Alex Black: Oh, we just did a share transaction; so we did
a business combination with Atacama Pacific. We paid a premium – they were
lucky because these days, nobody pays a premium. It was all paper. We have raised in total so
far, I’m just trying to do the maths, about CAN$40m, from the time we started
Rio2, and here we are.
Matthew Gordon: How
much cash are you sitting on today?
Alex Black: Today, about USD$13m.
Matthew Gordon: So
you have spent about USD$40m, your market cap is about USD$75m – ish. You have
about USD$13m in the bank.
Alex Black: And we are mixing currencies here. Let’s say it
is CAN$15m or CAN$16m, sitting in the bank
Matthew Gordon: Sitting
in the bank. Okay. So what’s going to happen this year that’s going to change
the direction the share price is going in? Are you going to spend that on
talking to the market more? What are you going to deliver?
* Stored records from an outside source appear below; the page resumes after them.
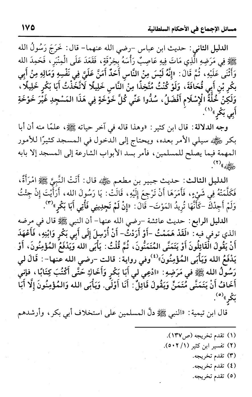 قال ابن تيمية: "النبي -صلى اللَّه عليه وسلم- دلَّ المسلمين على استخلاف أبي بكر، وأرشدهم
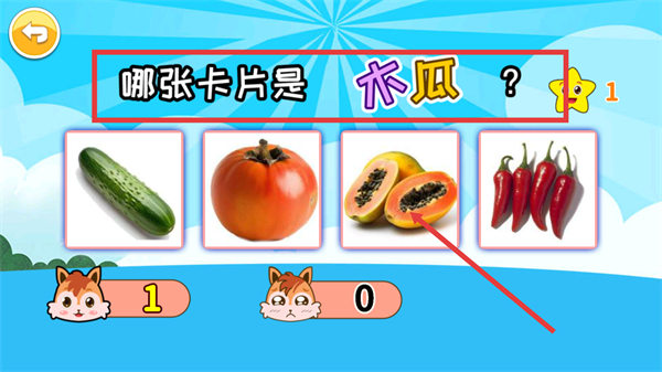 3、找到【木瓜】卡片,点击选项中正确的木瓜图片,能提升孩子对水果特征的认知,积累游戏分数。
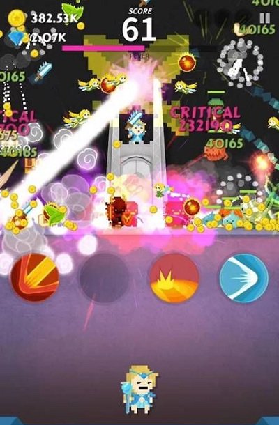点杀高手守卫者玩法简洁却藏着多样特色,奇幻对战模式搭配全新竞技场景,可挑选专属人物投身战斗,背景设定于城堡与恶龙的故事,邪恶怪兽正蜂拥而至,企图复活被塔楼封印的火龙,每一次点击都在守护世界,华丽技能特效加持下,在复古画面与奇幻旋律中,展开一场关乎封印与守护的持续对决,既有轻松操作的便捷,又有层层挑战的热血。
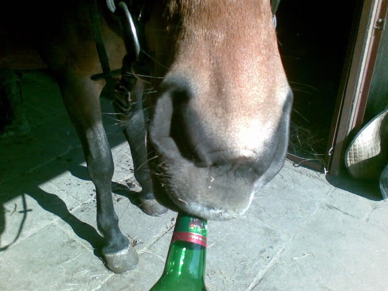 ta kobyła jak widzi butelke to wychodzi z siebie, wybredna to nie jest i małolitrażowa też nie 🙂 to akurat był pyszny, dobrze zmrożony redsik który przyciągał konia jak magnes...
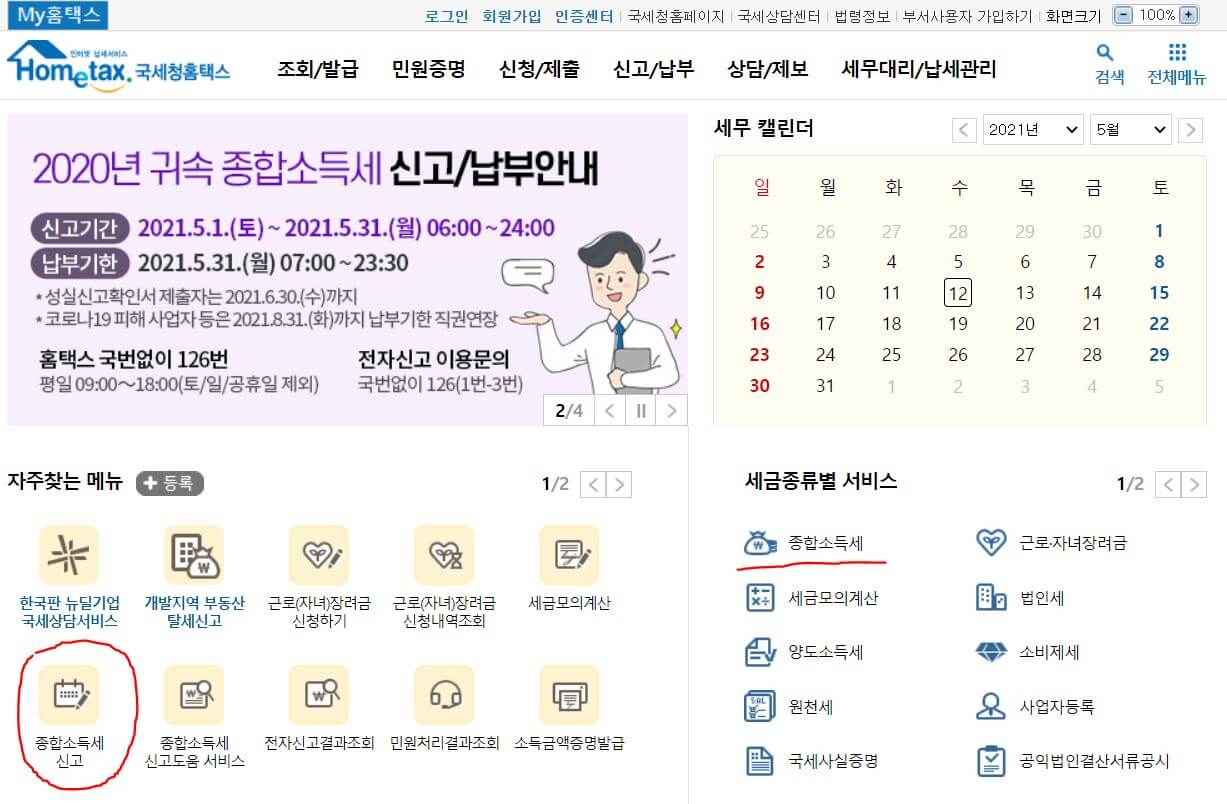 종합소득세 계산과 환급 금액 계산은 국세청 홈택스에서 가능합니다.
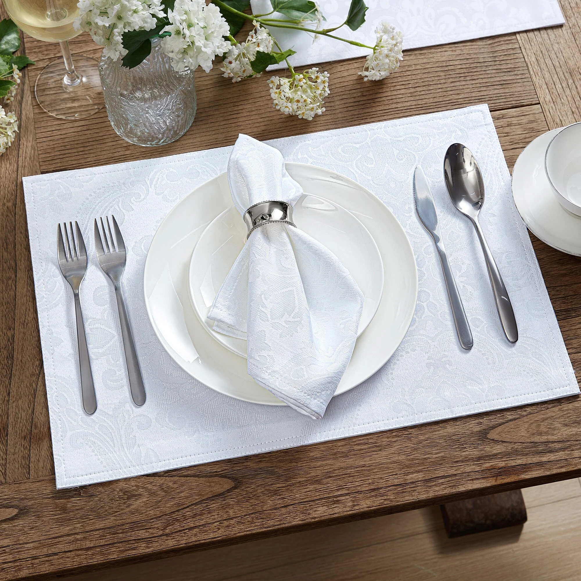 - Woven jacquard damask pattern

Alex Black: Two things: we are going to be telling the
story a lot more. We have just come out of the Christmas/New Year period. We
came out with our updated PFS in August/September. We did two shows in
Colorado. We went to New York last year. We are going to be going to Zurich
this year, to the Denver forum in Zurich in April. We are going to be doing
London, Frankfurt – you know, we are going to be marketing, telling people the
same story I am telling you right now. So that’s one thing we will be doing.
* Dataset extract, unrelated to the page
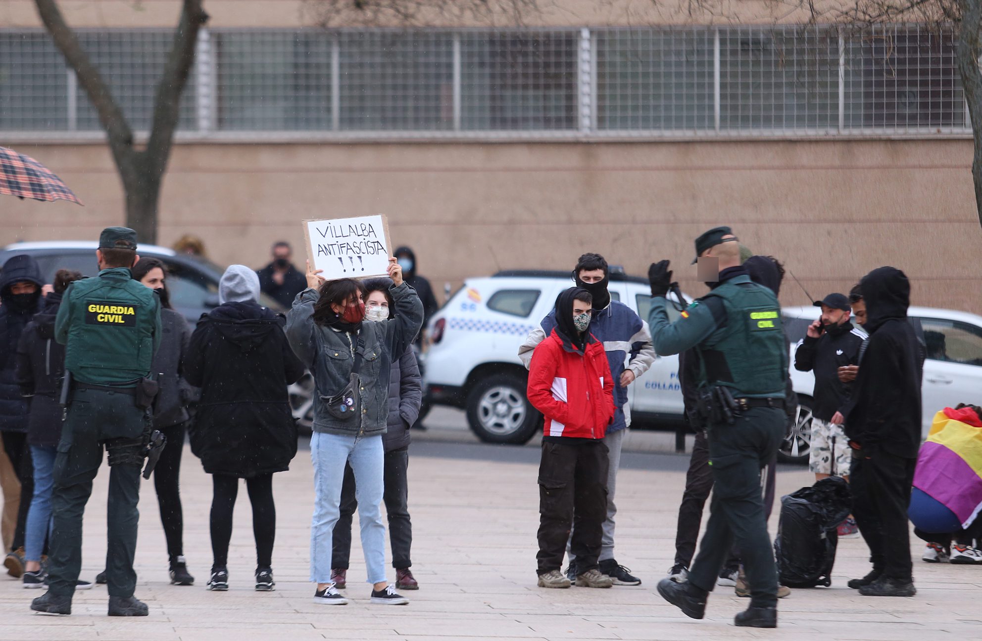 Un grupo de antifascistas se congregó en la plaza de Los Belgas, aunque no llegó a producirse ningún incidente. Javier Ortega Smith se esforzó por diferenciar sus políticas de las del PP, al que se refirió como "derechita cobarde", y de Ciudadanos -"la veleta naranja"-, ya que "de nada nos vale que la izquierda no gobierne si están sus políticas".

From a news perspective, we will be filing the EIA towards the end of the
quarter. That’s a major milestone. We are also in the process of completing all
our basic engineering for the project and that will be able to reveal how that
looks, what tweaks we have done to the look of the project and traded off on
OPEX, CAPEX to get to that point. We will start to talk to financiers about the
project, once we get the compete overview of the project that is filed in the
EIA, to present to financiers. We will
be doing that.
We also are refining
our agreement with Aguas Chanar, which will be to our benefit and we will be
announcing that at some point. We are also looking at the future of tying into
the grid. We will be announcing things about that. That won’t be for the start-up
of the project, but the longer-term future. And we will talk about the impacts
to OPEX and future sustaining Capex that we will need to do those various
Matthew Gordon: That
just sounds like every other story we are hearing every other week. I am trying
to work out, what do I need to hear that says, this guy knows where this thing
is going, alright? We look at people like Equinox right? They cleverly brough
together three quite ordinary projects and did something quite big. You are in
a district-wide, you have got Kinross behind you, who aren’t doing too much at
the moment, and you are surrounded by some other big names. And you have got
Eric Sprott involved in this thing, so why aren’t you offering up a bigger
Alex Black: We have been talking about a bigger vision, and
the bigger vision is to consolidate ourselves with other companies. We’ve got a
management team that is second to none.
Matthew Gordon: You
certainly have. So let’s do something with it.
Alex Black: And let me tell you, for the last three years,
apart from doing this acquisition, for the last three years, we have been
looking at lots of things. We are completely different to other Junior
companies. We’ve got a full team here: geologists, financial people, mining
people, environmental people, social people.
We can walk into a mine tomorrow and run it, anywhere, anywhere. And the
other thing we come with is our Capital Markets experience, because I’ve been
doing this for the last 20 years or so, front-end of companies, so we’ve got
all the ingredients. But you think, there are people out there that, us plus
them, that would look interesting, like what Equinox has done with Leagold,
etc, let me tell you, it is just so difficult. So difficult. And there is
entrenched management. Lack of management in various companies, skimming the
game like we have. But you try and convince them that putting them together
with is would make a lot of sense for the future of the company and also for
shareholders, and it is like you might as well be talking to a rock.
Matthew Gordon: You’ve
got Eric Sprott who is a big player. What does someone like him see in you? Is
there something we need to know?
Alex Black: We continue to try to find deals. We may come
up with something in the next short little while and everyone goes, wow, you’ve
made the right move. All I’m saying is that until now, it has been difficult.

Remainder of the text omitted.